Your choices: You can control cookies through your browser settings, but some website functionality may be limited if you disable essential cookies.

8. Children's privacy

We provide services to clients aged 16 and over. For clients under 18: parent or guardian consent is required; we may need to share information with parents/guardians for safety reasons; special retention rules apply (records kept until 7 years after turning 18); additional privacy protections are in place.

9. Cross-border disclosure

We do not routinely transfer personal information overseas.

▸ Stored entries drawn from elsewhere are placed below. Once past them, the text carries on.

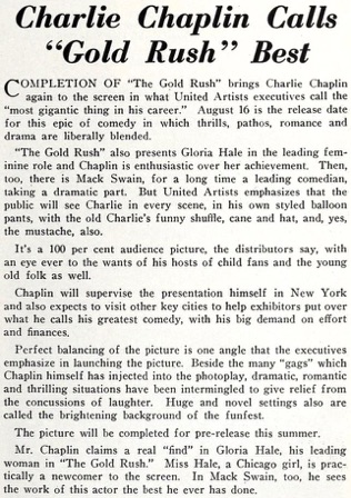 COMPLETIOn OF The Gold Rush brings Charlie Chaplin
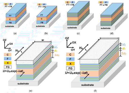 The studied [F/X]m/F/C/[F/X]n/F multilayered structure is a rectangular MI element with transverse effective magnetic anisotropy. The induced magnetic anisotropy is formed due to application of the technological magnetic field during multilayer deposition. The MI element consists of a highly conductive non-ferromagnetic central layer C of a thickness 2d0 and two external multilayers: ferromagnetic top and bottom parts. The external multilayers contain soft magnetic sub-layers F of thickness d2 separated by non-ferromagnetic spacers X of thickness d1. The corresponding conductivities of the materials C, X and F are σ0, σ1 and σ2. The multilayered element length and width are l and w, respectively. The film structure is non-symmetric, that is, the top external multilayer is either thicker than the bottom one, m > n, either thinner than the bottom multilayer, m < n. The layer of ferrogel with the thickness of d3 is placed on the top surface of the film structure (Figure 1e,f). The driving voltage is used to feed the element: U = Udrexp (−iωt) (t is the time ω is the angular frequency of the electromagnetic filed and i is the imaginary unit).
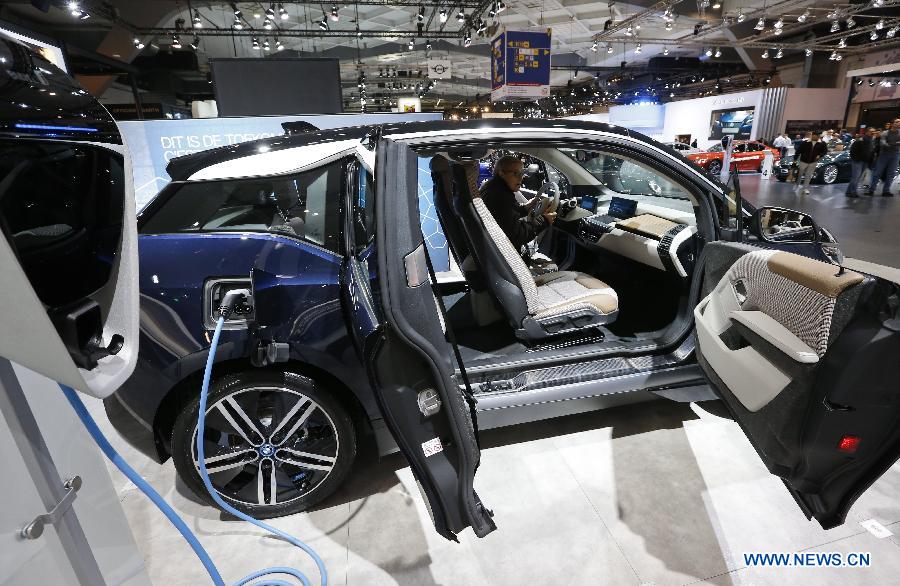 Photo taken on Jan. 18, 2018 shows a BMW i3 electric car during the 96th European Motor Show in Brussels, Belgium. (Xinhua/Ye Pingfan)
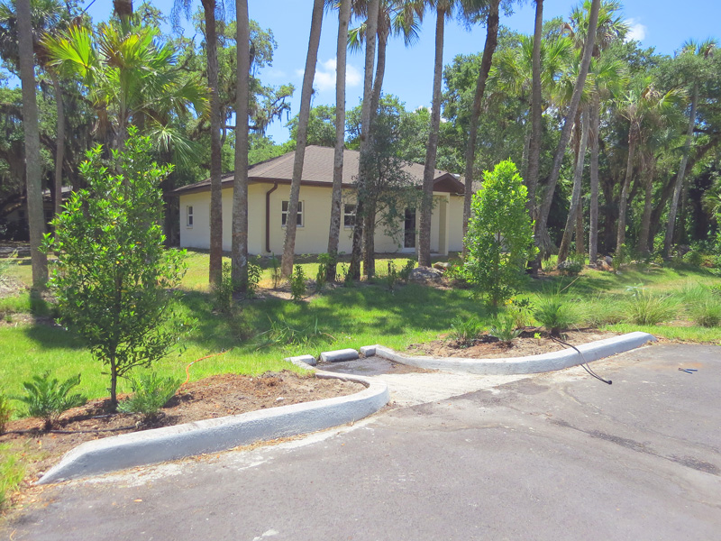 At Audubon House volunteers relocated giant leather ferns (Acrostichum daeniofolium) to the low areas of the dry retention pond and replaced them with comely coonties (Zamia floridana) graciously donated by Robin Pelensky of Surlaterre Landscape Architecture.
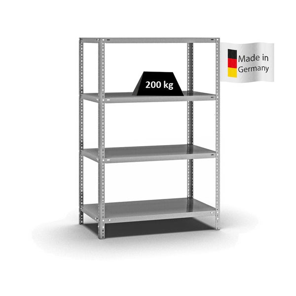 PROREGAL Fachbodenregal Schraubsystem Medium-Duty Grundregal HxBxT 150 x 100 x 50 cm 4 Ebenen Fachlast 200 kg Beidseitig Nutzbar Verzinkt

If overseas disclosure becomes necessary: we'll obtain your explicit consent; ensure equivalent privacy protections are in place; only use countries with adequate privacy laws or approved entities.

10. Data breaches

In the event of a data breach: we'll assess and contain the breach immediately; notify relevant authorities within 72 hours if required; inform affected individuals if there's a likely risk of serious harm; take steps to prevent future breaches; maintain records of all data breaches.

11. Changes to this policy

We may update this Privacy Policy to reflect: changes in privacy laws; new services or technologies; improvements to our privacy practices.

How we notify you:

  • Email notification to registered clients
  • Prominent website notice
  • Updated "last modified" date

Continued use of services indicates acceptance of changes.

12. Complaints and contact

Privacy complaints process:

  • Contact us first: hello@norwestwellbeing.com.au or (02) 8069 9777
  • We'll respond within 7 days to acknowledge your complaint
  • Investigation completed within 30 days with a written response
  • Appeal process available if you're unsatisfied

AI and automated processing concerns: If you have questions about our use of artificial intelligence or automated processing of your information, please contact our Privacy Officer who can provide detailed information about specific AI systems used and your rights regarding AI processing.

Privacy and recording concerns

If you have concerns about our recording practices: Privacy Officer: Paul Smith. Email: hello@norwestwellbeing.com.au. Phone: (02) 8069 9777. Address: L2, Suite 210, 4 Columbia Court, Norwest NSW 2153.

External complaint options

Contact details

  • Privacy Officer: Paul Smith
  • Email: hello@norwestwellbeing.com.au
  • Phone: (02) 8069 9777
  • Address: L2, Suite 210, 4 Columbia Court, Norwest NSW 2153
  • Business hours: Monday to Friday, 9:00 AM to 5:00 PM

This Privacy Policy complies with: Privacy Act 1988 (Cth) and Australian Privacy Principles; Health Records and Information Privacy Act 2002 (NSW); Therapeutic Goods Administration requirements; Professional association standards (AACHP); Australian Consumer Law.